Problem to solve =>
After locating the line that holds "Домкрат гидравлический бутылочный", copy that line and all that follow it word for word through the end of the data, with no pictures.

Data =>

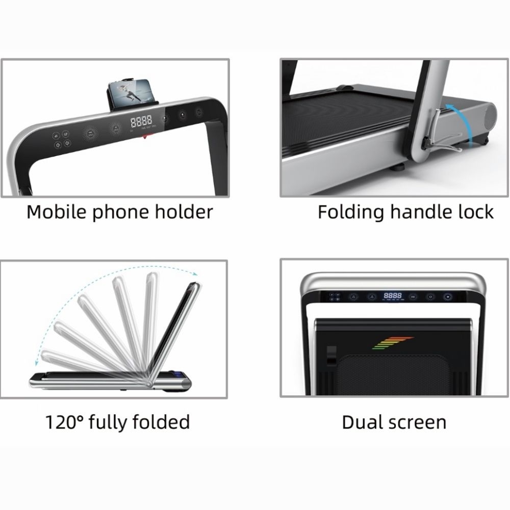 Aceasta banda de alergat este dotata cu un motor silentios, deci va puteti antrena in timp ce membrii familiei dorm. Puteti asculta muzica sau vorbi la telefon in timp ce va antrenati, banda este dotata cu suport pentru dispozitive mobile. In plus va protejeaza picioarele deoarece este construita in 6 straturi: covor anti-frecare, covor anti-zgomot, covor pentru rezistenta, covor de spuma pentru reducere a socurilor, covor de intarire contravântuire, covor Trelon. Consola principala are butoane ce pot fi accesate prin touch screen, simplu si rapid. Opriti si porniti rapid banda de alergat prin butoanele Start/ Stop, intrerupeti putin antrenamentul prin butonul Pause/ Continue, reduceti sau cresteti treptat viteza cu 0.1km/ora prin butoanele de +/- sau selectati viteza prestabilita de 6 sau 12 km/ora prin apasarea lunga a butoanelor 6 respectiv 12 din dotare.
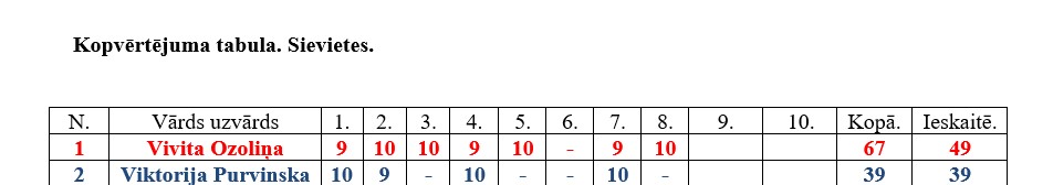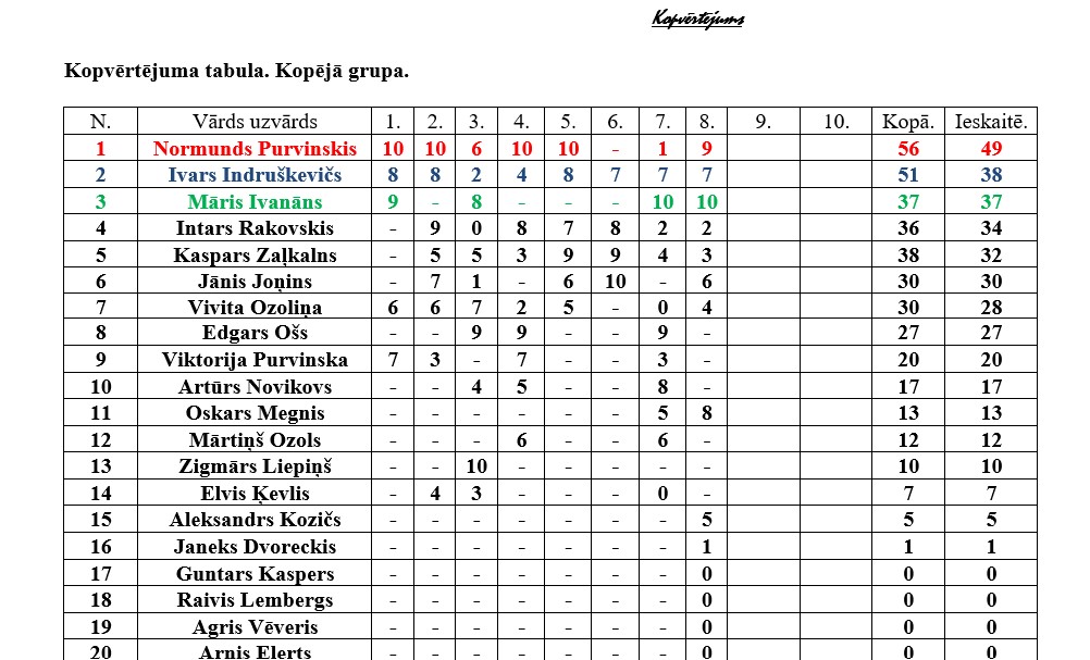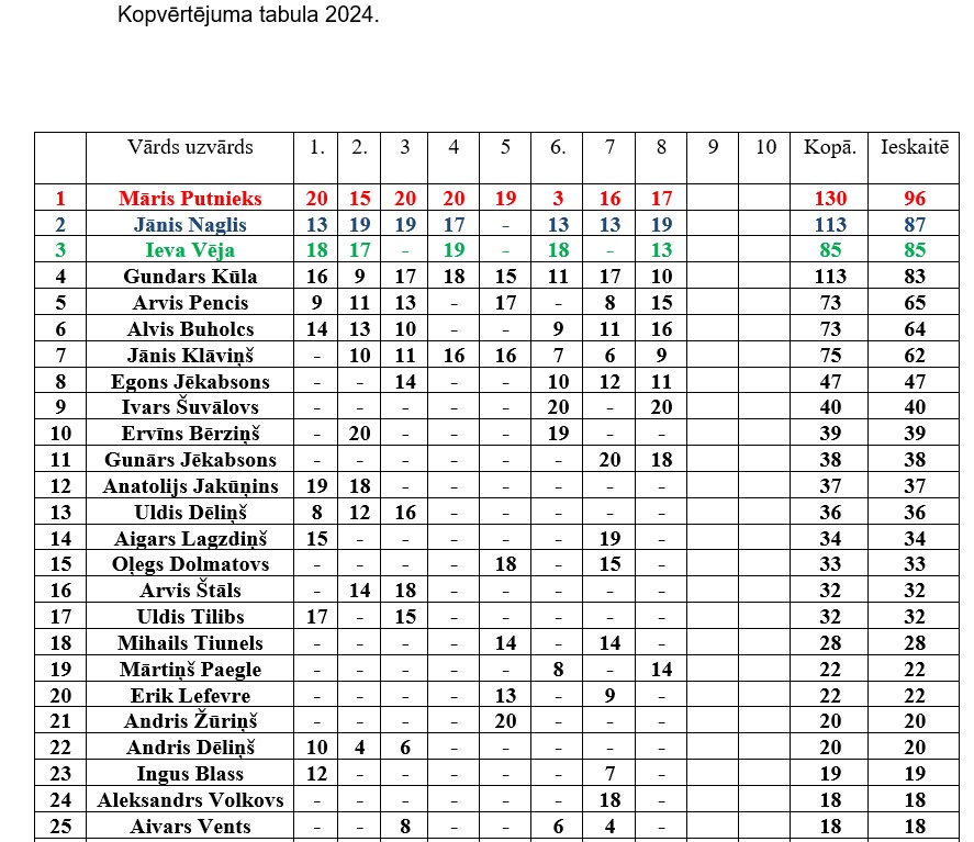 Kopvērtējumā kopējā grupā pirmais Normunds Purvinskis ar 49 punktiem, otrais Ivars Indruškevičs ar 38 punktiem, bet trešajā vietā Māris Ivanāns ar 37 punktiem. Dāmu konkurencē ar 49 punktiem pirmajā vietā Vivita Ozoliņa, bet otrajā vietā ar 39 punktiem Viktorija Purvinska.
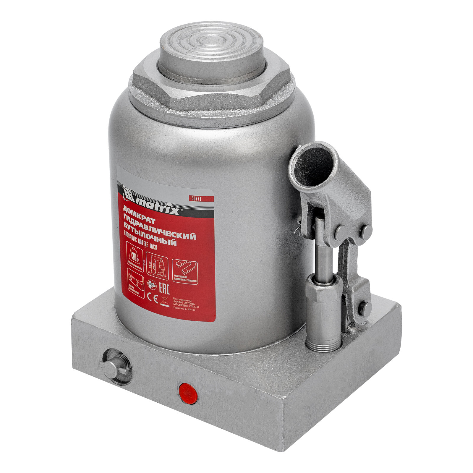 Домкрат гидравлический бутылочный MATRIX 50771, 30 т, h подъема 244–370 мм
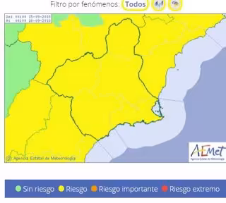 La Agencia Estatal de Meteorología ha activado el aviso amarillo, que significa riesgo, por lluvias y tormentas este sábado, 15 de septiembre, en toda la Región de Murcia, según se desprende de la página web de la Aemet, consultada por Europa Press, así como del Centro de Coordinación de Emergencias.

Reply =>
 Домкрат гидравлический бутылочный MATRIX 50771, 30 т, h подъема 244–370 мм
 La Agencia Estatal de Meteorología ha activado el aviso amarillo, que significa riesgo, por lluvias y tormentas este sábado, 15 de septiembre, en toda la Región de Murcia, según se desprende de la página web de la Aemet, consultada por Europa Press, así como del Centro de Coordinación de Emergencias.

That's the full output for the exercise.